My little ID help question about a raptor (from 2014) turned into a great
discussion, and as I always thought, hawk ID is hard!

The bird was seen and photographed by me in September 2014 in Magnuson
Park, Seattle. At the time, I identified it as a Cooper’s Hawk. Just this
past week, a birder commented that it might be a Broad-winged Hawk instead,
a definite rarity for this area. After getting more details from him which
left me confused, I put out the call to Tweeters for help. Turned out to
be quite challenging, even for the experts!

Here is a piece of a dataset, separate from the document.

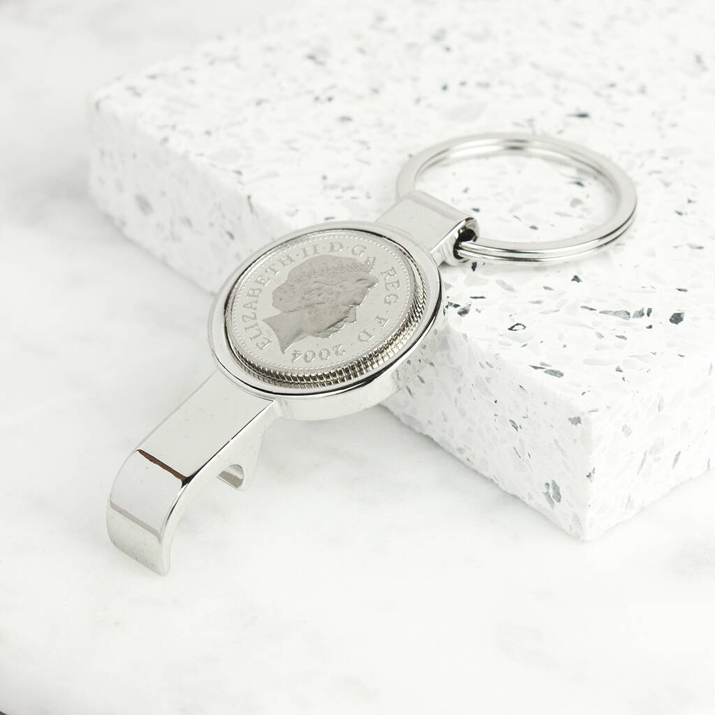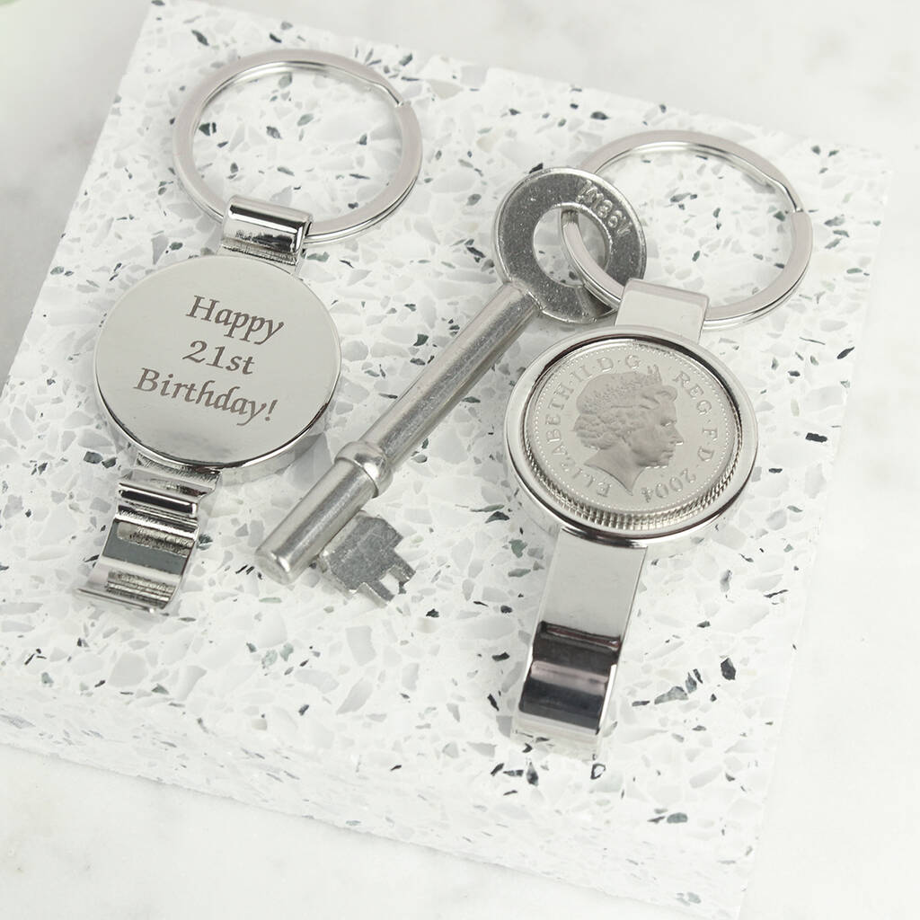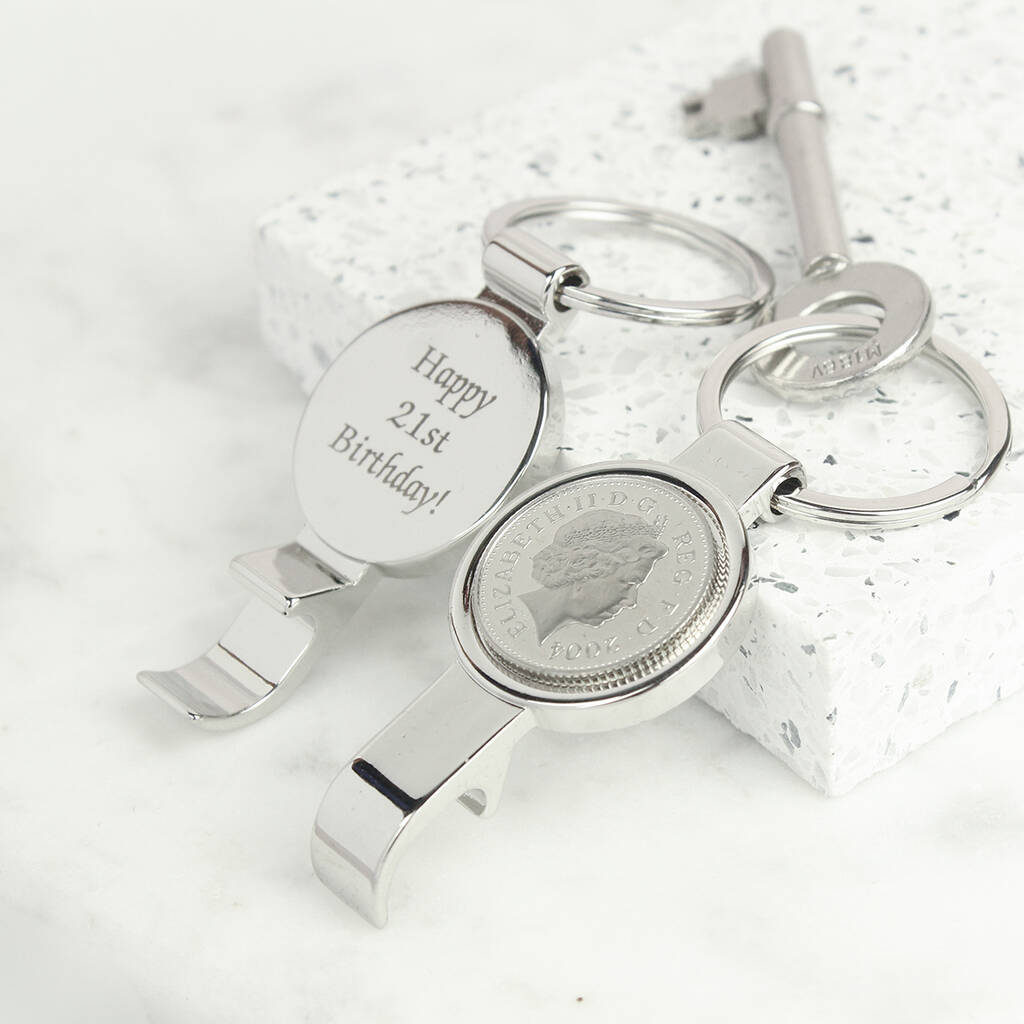 Personalised 21st Birthday Ten Pence Keyring Bottle Opener

I do wish that I had more photos. Sadly, I believe the memory card is
still in the camera I had in 2014—and it, along with the laptop I had then,
were both stolen during a home burglary in 2015. Somewhere, perhaps, a
clueless thief has the definitive ID photo we need.

However, that being said, after reviewing comments sent to the listserv, to
me privately, and posted on the Flickr site (, I’m going to leave the
ID as it is, a juvenile Cooper’s Hawk. It’s been fascinating to read all
the details of the field marks—the experts out there are truly amazing. Thanks
especially to Bud Anderson, always the go-to expert for raptors, for taking
the time to thoroughly study this bird.

The next time I see an accipiter, I sure will be looking a lot more
closely--thanks again, everyone!

Alex MacKenzie

On Fri, Feb 9, 2018 at 7:28 AM, Bud Anderson <falconresearch...>

> Alexandra MacKenzie's raptor photo is misleading to many because the
> upward angle of the shot compresses the bird, suggesting that it is far
> more compact than it really is.
> Because of this, people are thinking Broad-wing, which are being seen more
> frequently these days. But it doesn't quite fit.
> If you look closely, this bird becomes what the original person said it
> was, a juvenile Cooper's Hawk.
> And I will confess that I shared this photo with my friend, Bill Clark,
> and we discussed it thoroughly.
> This opinion is based on the following characters.
> First, the toes are bird catching accipitrine toes, long and thin, not
> buteo toes.
> Second, the breast streaking is in the form of the classic extended tear
> drop, so typical of juvenile Cooper's Hawks.
> Sharp-shins have wider "paint-brush" breast markings, often overlaid in
> "chains" of feathers. The toes are also thinner in Sharpies and the eye is
> larger in proportion to the head.
> There is also an adventitious adult Cooper's Hawk feather located in the
> birds left flank.
> Finally, although the tail feathers look a bit like SSHA, I think the
> foreshortening is also compressing the outer tips, which are much shorter
> in COHAs than SSHAs.
> Are there any more photos available of this bird?